# Jackson Concert V Bass?



## Enmesarra (Mar 18, 2007)

I found a Jackson Concert V Bass (5 string) with great price, same as the one below,

http://cgi.ebay.com/Jackson-Pro-Con...oryZ4713QQssPageNameZWDVWQQrdZ1QQcmdZViewItem

It has Alder or Poplar (not sure) body, maple neck, bolt on, jackson p/j pickups (active, i will change them with emg's or bartolini's probably), kahler bridge... It looks awesome but I have no idea about it's sound, and there is not so much info about it on the web. I have a Yamaha RBX374 right now, I like it's sound but it's not the thing i am looking for, I am looking for a bass that is more suitable for finger playing and has better tones. Thanks!


----------



## jacksonplayer (Mar 21, 2007)

I have one of these. They sound good and are a good value for the money. They are fairly "neutral" sounding and work well for metal. However, the string spacing is quite narrow and obviously made more for pick players than for finger playing.


----------



## D-EJ915 (Mar 21, 2007)

I've played a G&L like that before, it feels a lot like a 4 string and I don't like that very much, you might through.


----------



## Enmesarra (Mar 25, 2007)

I have read that string spacing can be adjusted from the bridge in this model, on an ebay auction, and the guy that sells the guitar in my country confirmed that too, is it true? If it has a natural, "piano-like" sound on it's own, then it's great for me, and I'll put an EMGP5J set after buying it (in case I buy it, of course ).


----------



## Seedawakener (Mar 25, 2007)

Bidding is over.

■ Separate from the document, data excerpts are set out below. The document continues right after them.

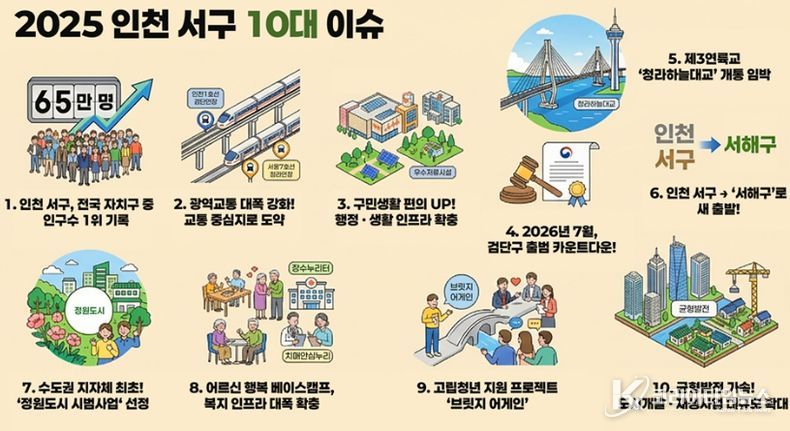 코리아타임뉴스 사회팀 | 인천광역시 서구에서는 2025년 한 해 동안 주요 관심 사항과 정책 추진 상황 등을 정리하여 2025 인천 서구 10대 이슈를 선정·발표했다.
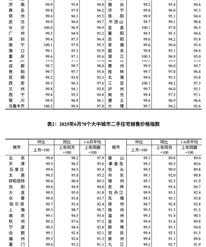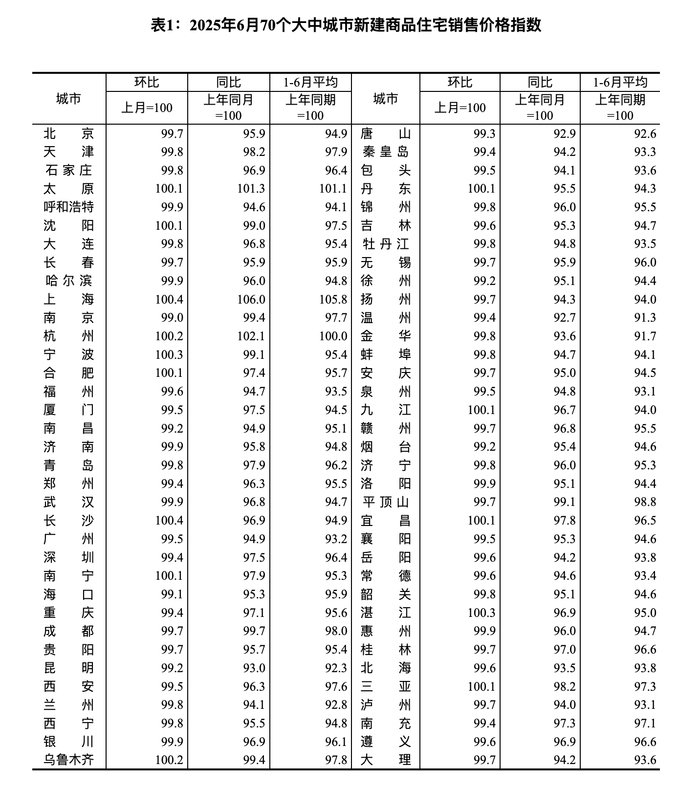7月15日,国家统计局发布数据,2025年6月份,70个大中城市中,各线城市商品住宅销售价格环比下降,同比降幅整体继续收窄。
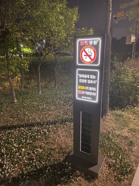 김포시는 5월, 금연환경조성과 간접흡연 피해 예방을 위해 관내 도시공원 중 흡연 민원 다발 공원이거나 규모가 큰 도시공원을 선정해 금연구역 태양광 LED 안내표지판을 설치했다.

You got it?


----------



## Enmesarra (Mar 25, 2007)

No, I just posted it as an example, the one that I'm considering to buy is in my country and not sold yet.


----------



## Seedawakener (Mar 25, 2007)

aha, my bad!


----------



## Enmesarra (Mar 25, 2007)

it's OK, actually it feels good to have replies in my thread


----------



## Enmesarra (Apr 4, 2007)

Got it! It plays, looks and sounds awesome! The strings on it was too old so I got a Fender set (gauges: 115-100-80-60-40), made the string spacing adjustments after putting the new strings on. I took a few pictures of it, I am too busy with playing it  I hate using flash so i took 2 pictures without using it but it came out very blurry, so I used at the other 2.


----------



## D-EJ915 (Apr 4, 2007)

That looks sweet man, congrats.


----------



## Shawn (Apr 4, 2007)

Nice bass! That's very nice. Congrats!


----------